- PROBLEM -
Without the pictures, give the listing below again exactly.

- SOURCE MATERIAL -
▬▬▬▬▬▬

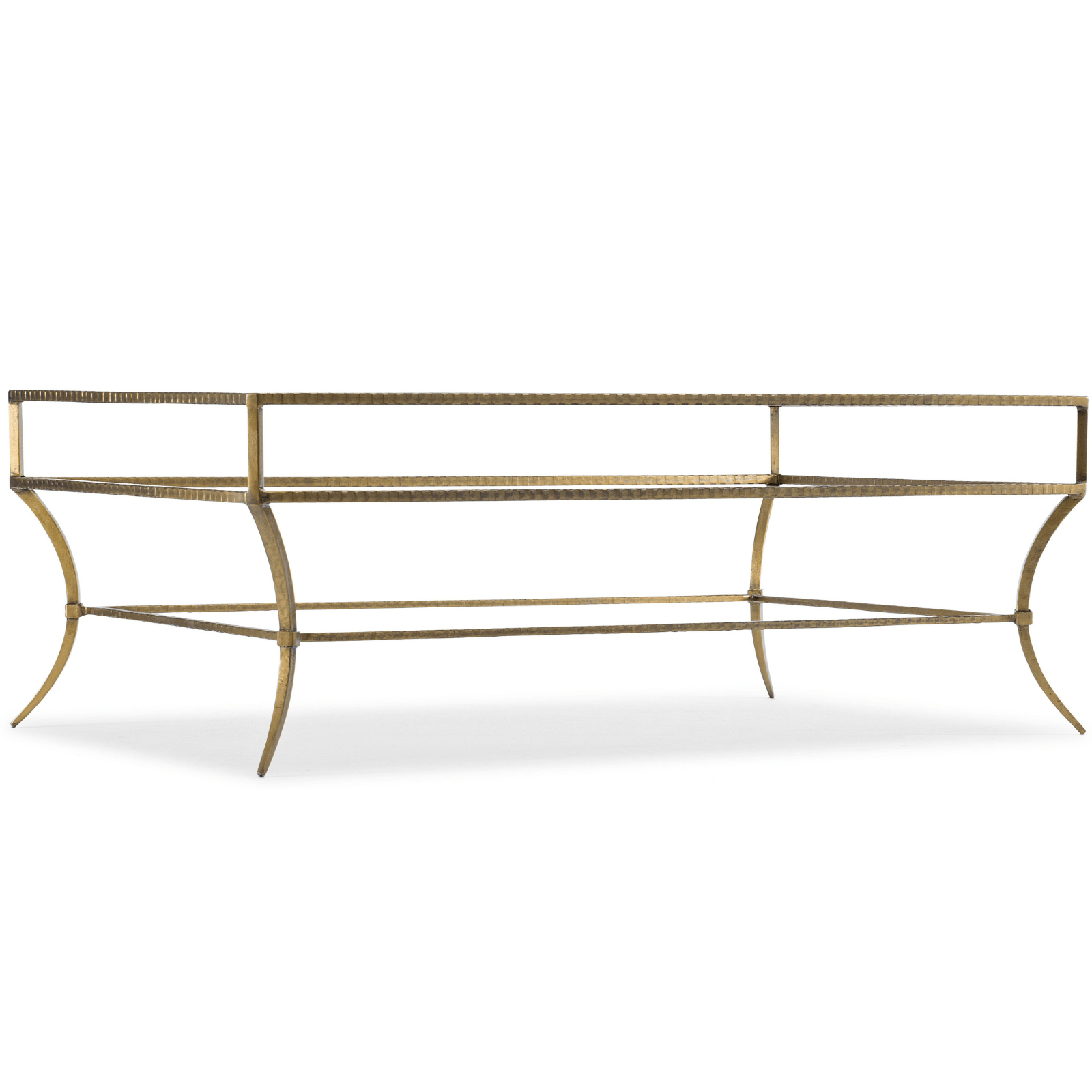 Lighter than air with a dash of bling, the delicately-scaled Larueng Cocktail Table combines a hammered iron frame in a gold finish with a tempered glass top. Give your home a shot of style with our living room furniture. Make this room the perfect spot for conversation, entertaining or just relaxing.
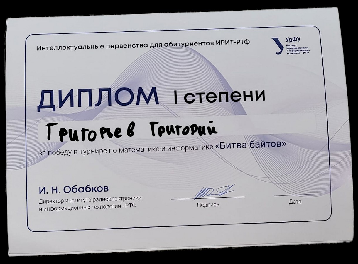 Ученик 8 А класса Григорий Григорьев посетил экскурсию в Институте радиоэлектроники и информационных технологий (ИРИТ-РТФ) УРФУ в рамках мероприятий "Дни науки". и одержал победу в турнире по математике и информатике "Битва байтов".
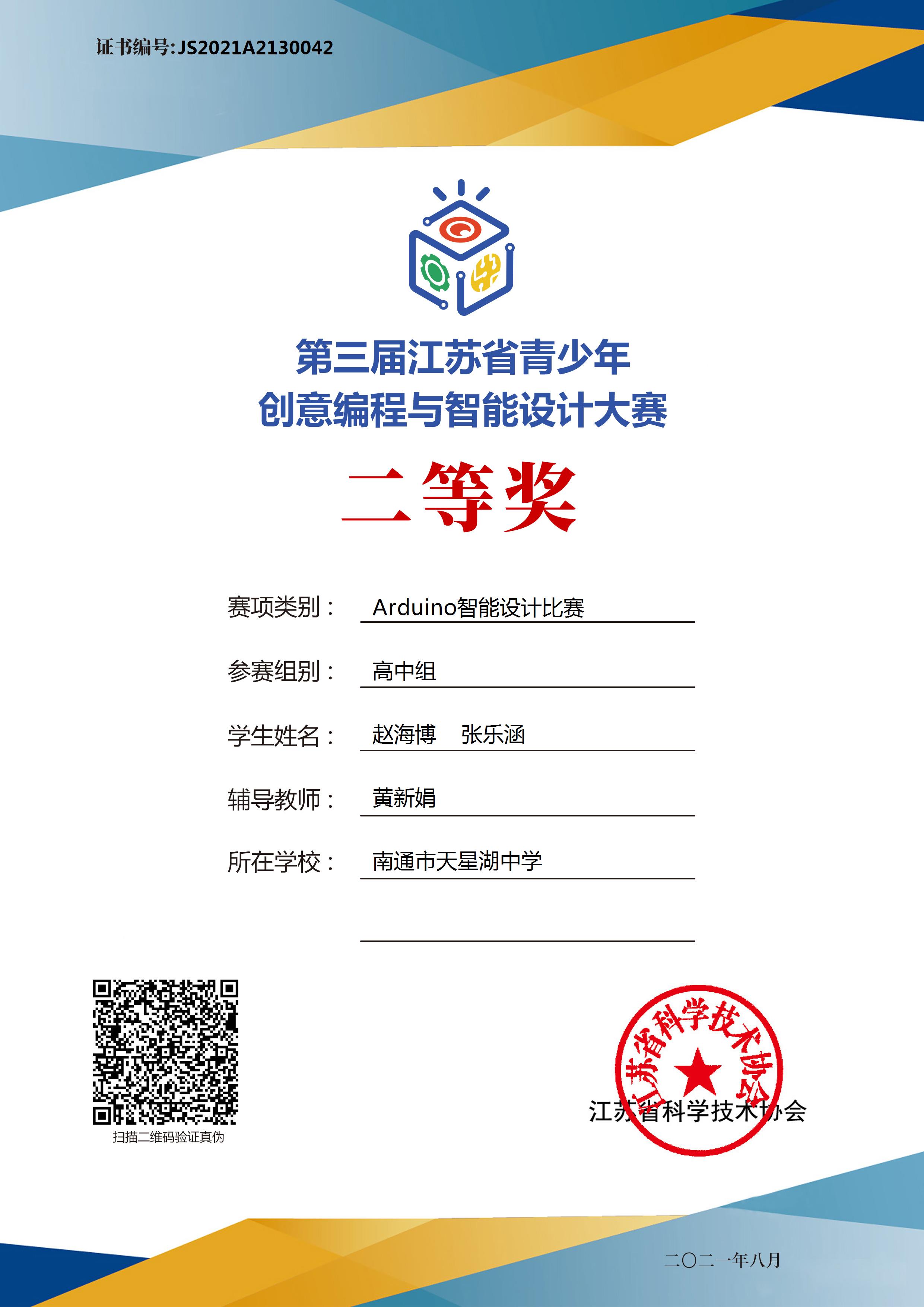 我校学生赵海博、张乐涵在高中组Arduino智能设计比赛中,获省二等奖。我校信息学科备课组黄新娟老师给予了两位学生全程辅导。

▬▬▬▬▬▬

- ANSWER BOX -
 Lighter than air with a dash of bling, the delicately-scaled Larueng Cocktail Table combines a hammered iron frame in a gold finish with a tempered glass top. Give your home a shot of style with our living room furniture. Make this room the perfect spot for conversation, entertaining or just relaxing.
 Ученик 8 А класса Григорий Григорьев посетил экскурсию в Институте радиоэлектроники и информационных технологий (ИРИТ-РТФ) УРФУ в рамках мероприятий "Дни науки". и одержал победу в турнире по математике и информатике "Битва байтов".
 我校学生赵海博、张乐涵在高中组Arduino智能设计比赛中,获省二等奖。我校信息学科备课组黄新娟老师给予了两位学生全程辅导。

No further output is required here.